Example Question #51 : Defining Abnormalities And Disorders

Sarah has been experiencing sadness, loss of appetite, disinterest in activities, weight loss, and insomnia for several years. Which of the following could be the reason these symptoms are occurring?

Possible Answers:

Anemia

Major depressive disorder

Generalized anxiety disorder

Anorexia

Correct answer:

Major depressive disorder

Explanation:

Sarah displays all of the classic symptoms of a major depressive disorder. The fact that her condition is long-term makes it more likely to be a major depressive disorder. Generalized anxiety disorder is the persistence of a feeling of uneasiness or that something bad will occur over a long period of time, with no specific trigger. Anorexia is an eating disorder. Anemia is a decrease of oxygen in the blood.

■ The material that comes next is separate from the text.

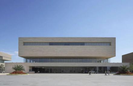 天津大劇院建筑設計立意為“城市舞臺”。由世界頂級建筑大師曼哈德 馮 格康親自擔綱,德國GMP建筑師事務所與現(xiàn)代設計集團華東建筑設計研究院聯(lián)合設計。總建筑面積10.12萬平方米,其中建筑本體8.5358萬平方米,地下設施1.5811萬平方米。
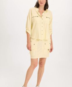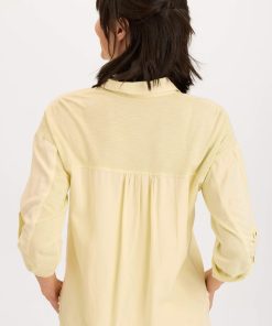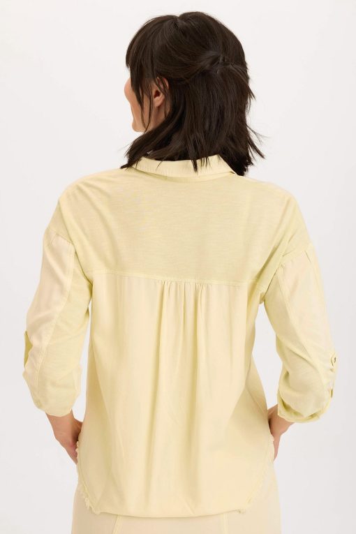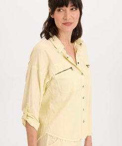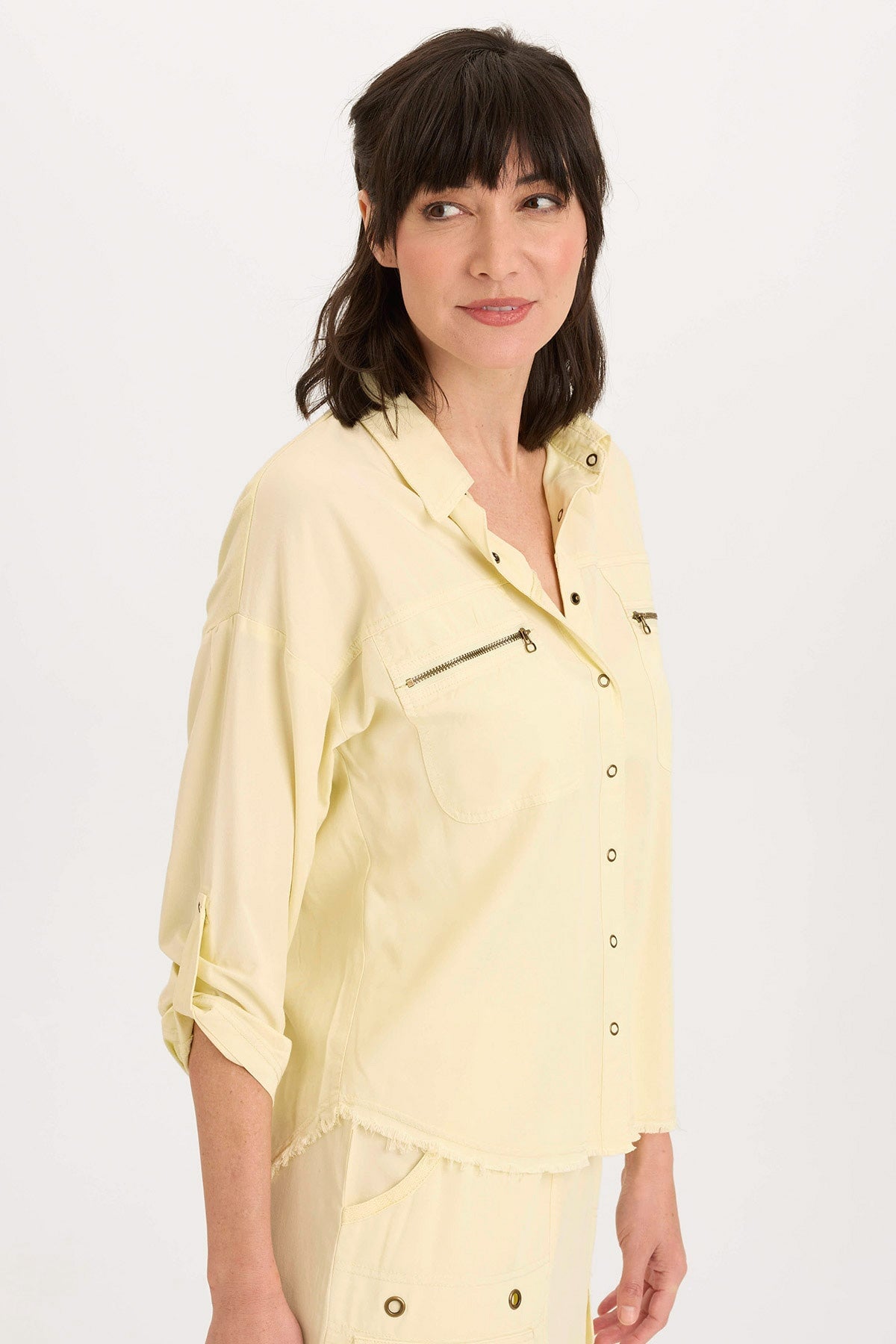 Tabbed three-quarter sleeves, zippered breast pockets, a classic collar, and a raw-edge hem round out this utility-inspired cargo shacket.

Example Question #51 : Types Of Disorders

Which of the following is not a reason that females are twice as likely as males to experience depression?

Possible Answers:

Females face more discrimination than males

Changes in hormones make females more susceptible to depression

Females experience more stress about weight and body image than males

Women do not live as long as males

Correct answer:

Women do not live as long as males

Explanation:

Note that the question asks which answer option does not help explain the prevalence of depression in females. The correct answer is actually a false statement: on average, females have longer lives than males. This increased lifespan can result in a greater sense of loss and loneliness in old age, which can contribute to depressive symptoms in females. The other answer options are all considered plausible reasons that females experience depression more frequently than males.

Example Question #13 : Depressive Disorders

Karen is showing signs of depression. 

Which is most likely NOT a symptom that Karen is experiencing?

Possible Answers:

Inability to experience pleasure

Psychomotor retardation

Lack of motivation 

Signs of aggression

Low self-esteem

Correct answer:

Signs of aggression

Explanation:

Depression is accompanied by an overall decrease in energy, pleasure, motivation, and positive thoughts. Aggression is not a common symptom of depression.

Example Question #52 : Types Of Disorders

Sherry's cognitive behavioral therapist tends to talk with her about her general way of thinking that guides her perceptions and interpretations of events. For Sherry, this general way of thinking tends to be underlying negative beliefs and attitudes. Her therapist wants her to be able to focus on these negative thoughts and alter them to be more positive.

What does Sherry's therapist want her to work on?

Possible Answers:

Disorganized thoughts

Negativity

Delusions

Depressed schemas

Sadness

Correct answer:

Depressed schemas

Explanation:

Depressed schemas are how an individual views the world and sees events around them. They guide perceptions are tend to be negative beliefs and attitudes. In this case Sherry's therapist is focused on here "general underlying negative beliefs," which is synonymous with "depressed schemas."

Example Question #11 : Depressive Disorders

In the past two months, Ann has had very little motivation to get out of bed. She sleeps upwards of twenty hours a day and is no longer interested in activities that she used to enjoy. She has very little energy to care for herself, and also has lost a significant amount of weight. Which of the following is a likely diagnosis for Ann?

Possible Answers:

Dysthymic disorder

Major depressive episode

Major depressive disorder

Disruptive mood dysregulation disorder

Correct answer:

Major depressive episode

Explanation:

Major Depressive Episode is correct, because going off of the description we do not know if Ann has had a manic episode in the past or not. In order to have Major Depressive Disorder, an individual cannot have had a manic episode in the past. The answer would not be Dysthymic Disorder, because those symptoms must persist for two years or more, and disruptive mood dysregulation disorder is characterized by outbursts of severe temper in addition to depressive symptoms.